A crescente conscientização política entre os jovens quilombolas está impulsionando um aumento significativo no eleitorado dessas comunidades. A participação nas urnas é vista como uma ferramenta fundamental para a defesa de seus ideais, territórios e modo de vida.
Joaquim Moreira, de 87 anos, e sua neta Thauany Silva, de 16, da comunidade quilombola de Antinha de Baixo em Santo Antônio do Descoberto (GO), exemplificam essa nova geração de eleitores. Enquanto Joaquim é um eleitor experiente, Thauany se prepara para seu primeiro voto, demonstrando o entusiasmo em exercer a cidadania.
Dados do Tribunal Superior Eleitoral (TSE) revelam um crescimento expressivo no número de eleitores autodeclarados quilombolas. Em 2024, eram 95.409, e a projeção para 2026 aponta para 188.371. Em Goiás, o aumento foi de 3.625 para 5.394 eleitores quilombolas.
Mayara Silva, mãe de Thauany, enfatiza a importância de acompanhar as decisões políticas, pois elas impactam diretamente o cotidiano da comunidade. “Não tem como fechar os olhos para o fato que tudo é política”, afirma.
Franciele Silva, estudante de direito de 27 anos da comunidade Rio dos Macacos (BA), destaca que o voto é essencial para a defesa dos direitos e do território.
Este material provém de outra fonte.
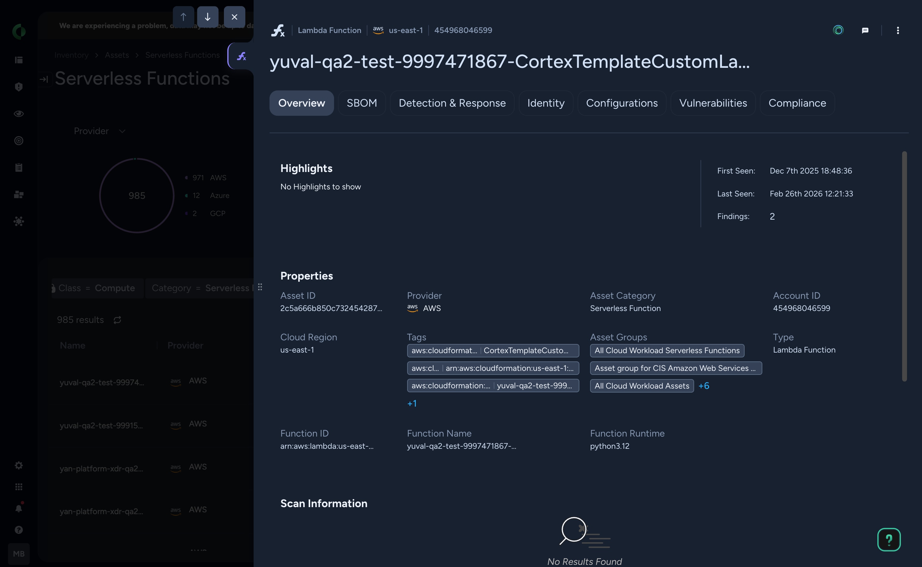 Identify and secure functions running in your cloud environments through continuous scanning.

Ela utiliza seus conhecimentos acadêmicos para levar mais informações à sua comunidade sobre a importância da participação política e da defesa de suas terras.
O Nordeste concentra a maior parte do eleitorado quilombola do país, com um aumento de 51.633 em 2024 para 95.901 em 2026. Este crescimento é atribuído à maior visibilidade e ao letramento político nas comunidades tradicionais.
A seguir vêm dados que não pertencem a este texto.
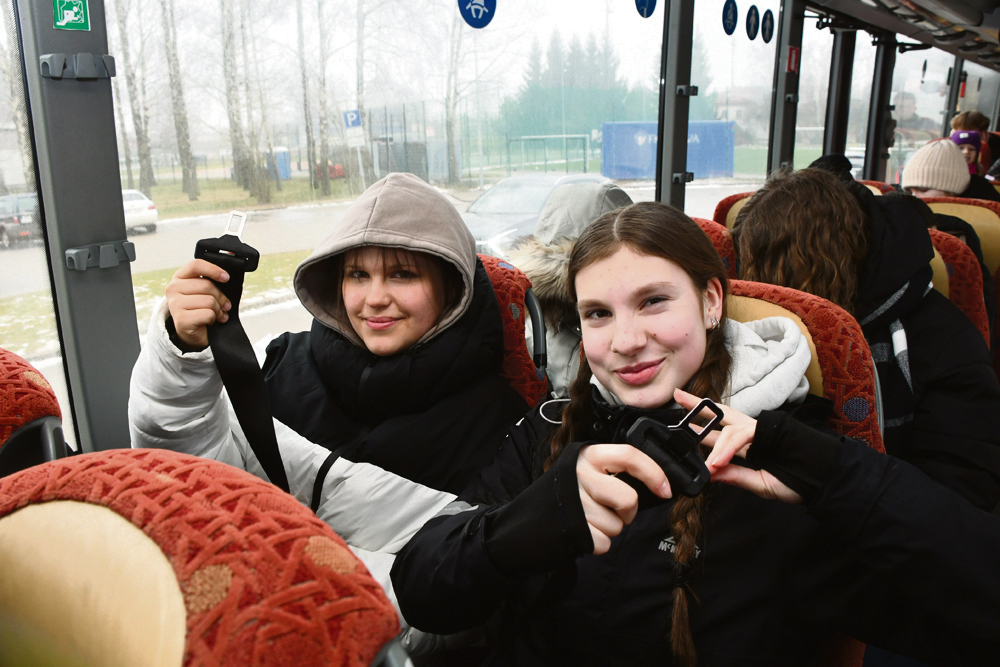Iecavas jaunietes zina, ka piesprādzēšanās busā ir svarīga pašu drošībai. Foto: Ivars Bogdanovs/”Bauskas dzīve”

Bia Nunes, pesquisadora da Coordenação Nacional de Articulação das Comunidades Negras Rurais Quilombolas (Conaq), explica que o engajamento dos eleitores quilombolas se dá pela conscientização sobre o papel crucial que desempenham na preservação ambiental e da biodiversidade. “Entender, por exemplo, a importância que os territórios têm para a biodiversidade. É o trabalho que os quilombolas sempre fizeram e fazem”, ressalta.
A Conaq tem buscado parcerias e levado as pautas quilombolas a diversos espaços, promovendo a compreensão do valor do trabalho dessas comunidades para a coletividade. Bia Nunes defende o estímulo a campanhas estatais para incentivar o voto e a candidatura de quilombolas, alertando para o contexto de vulnerabilidade e ameaças que muitas lideranças enfrentam.
Rafael Costa, educador financeiro e ativista da comunidade Mesquita (GO), observa um aumento no interesse dos jovens por temas relacionados à participação e representatividade política. Ele pontua que o acesso à informação e o estudo aprofundado sobre políticas públicas são fundamentais. “Quanto mais as pessoas se informam, mais pesquisam, estudam e passam a ter mais noção da necessidade de políticas públicas, por exemplo”, contextualiza.
Costa também ressalta a importância da cooperação e do altruísmo presentes nas comunidades quilombolas para evitar golpes financeiros e desinformação, fortalecendo a consciência política e a defesa de seus territórios contra ameaças.